On motormouths and mindless chatter

I take my sports fandom much too seriously. There are more important matters on which to invest my mental energy. It’s true, still . . . I entered this new year burdened with the realization that the three sports teams that I care about most — the University of North Carolina football and men’s basketball teams and the Carolina Panthers of the National Football League — all lost games this holiday weekend. This is not the way I would have chosen for this new year to start.

Losing games is not the worst of it for those of us who try to watch these contests on television. I can’t count the ways that the commentators assigned to cover these games annoy me. One network covering NFL games has employed as an analyst Charles Davis, a former football player at the University of Tennessee, who was not drafted by the NFL. Davis did audition for the Dallas Cowboys but failed to make the team, so he went into broadcasting, where he apparently believes that he should be paid by the word. Trying to watch a game with this motormouth in the booth is an exercise in frustration.

He’s not alone in his skill at bothering viewers. Can anyone explain why these guys insist on chatting with each other at length about any subject that lurches into their shallow minds? Any subject is fair game so long as it has absolutely nothing to do with the game they are being paid to cover. Our television screen can show an injured player or a referee explaining a penalty, or a fight breaks out, and of course we want to learn the details, but our commentators prefer to yammer on about something totally unrelated to the action on the field.

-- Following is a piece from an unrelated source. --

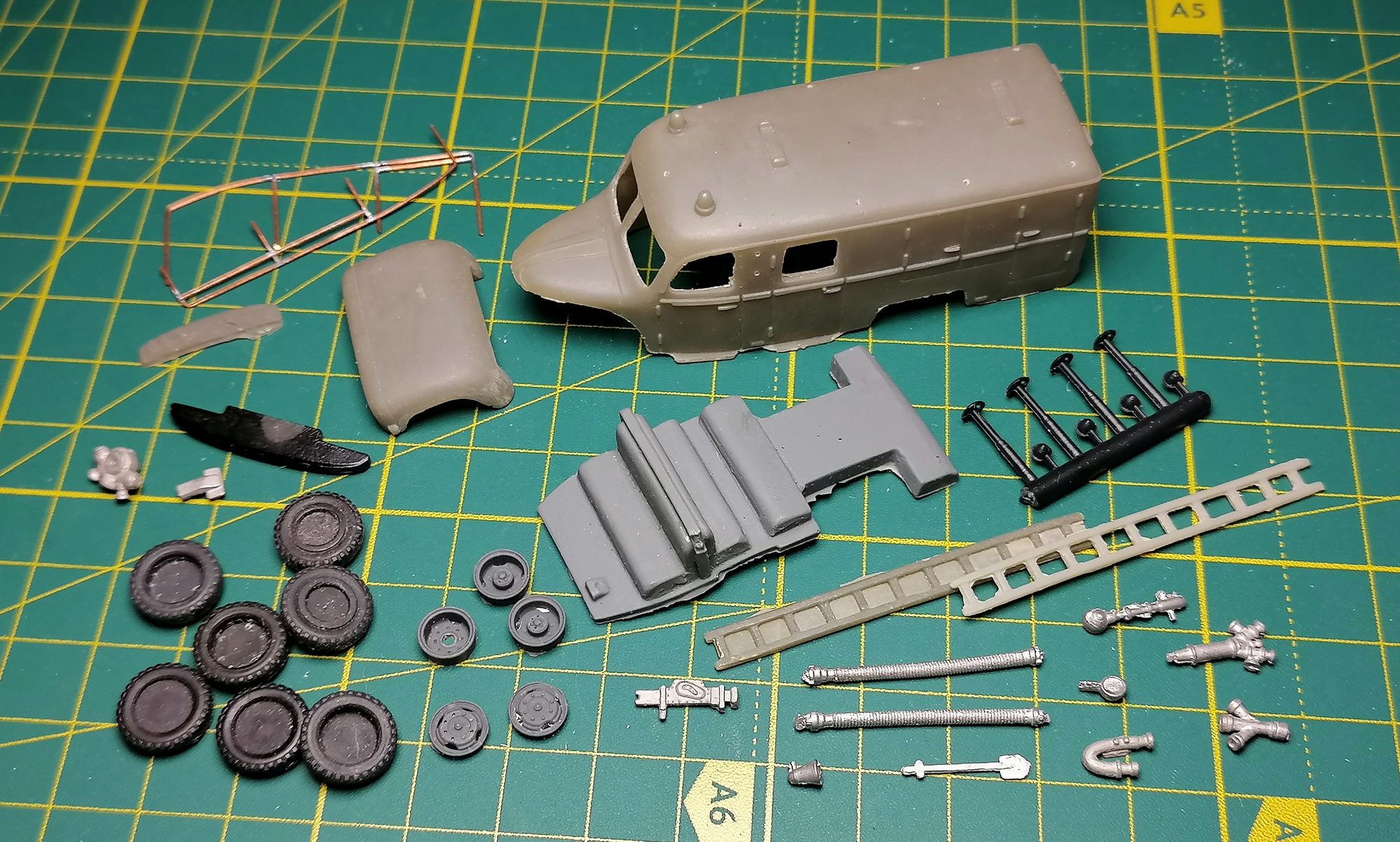 Автобус на базе Hanomag L28 Пожарка на той же базе Микроавтобус Bogwart И БТР-40 в 4-х вариантах: тентованый, зенитный, открытый с пулемётом и бронированный. Отлитого бронированного сейчас нет, но формы для отливок сохранились. Нет формы корпуса автобуса, а мастер поломан. Возможно, восстановлю со временем. Некоторые формы даже переделал, т.к. старые пересохли. Из Вуда лить не буду, колеса покупать тоже (хотя от колёс бы не отказался), поэтому всё это тоже заформовал для литья из смолы. Где то лежит коробочка с отлитой мелочёвкой на пожарку, надо ещё поискать.
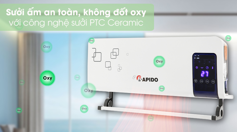 Sưởi ấm an toàn, tăng nhiệt độ phòng tối ưu, không gây sốc nhiệt, không đốt oxy, gây khô da qua công nghệ sưởi PTC Ceramic

And massacre English grammar in the process. Let’s not overlook that unwelcome gift to sports fans. Have these professional communicators ever been introduced to the object of a preposition? Do they understand that athleticism is not a word but a monstrosity invented by members of their own fraternity in their clumsy efforts to express the concept of athletic ability? No.

But still we watch and hope that “our” teams will win more than they lose. If that happens, we might even be able to make it to spring training without throwing something at the television.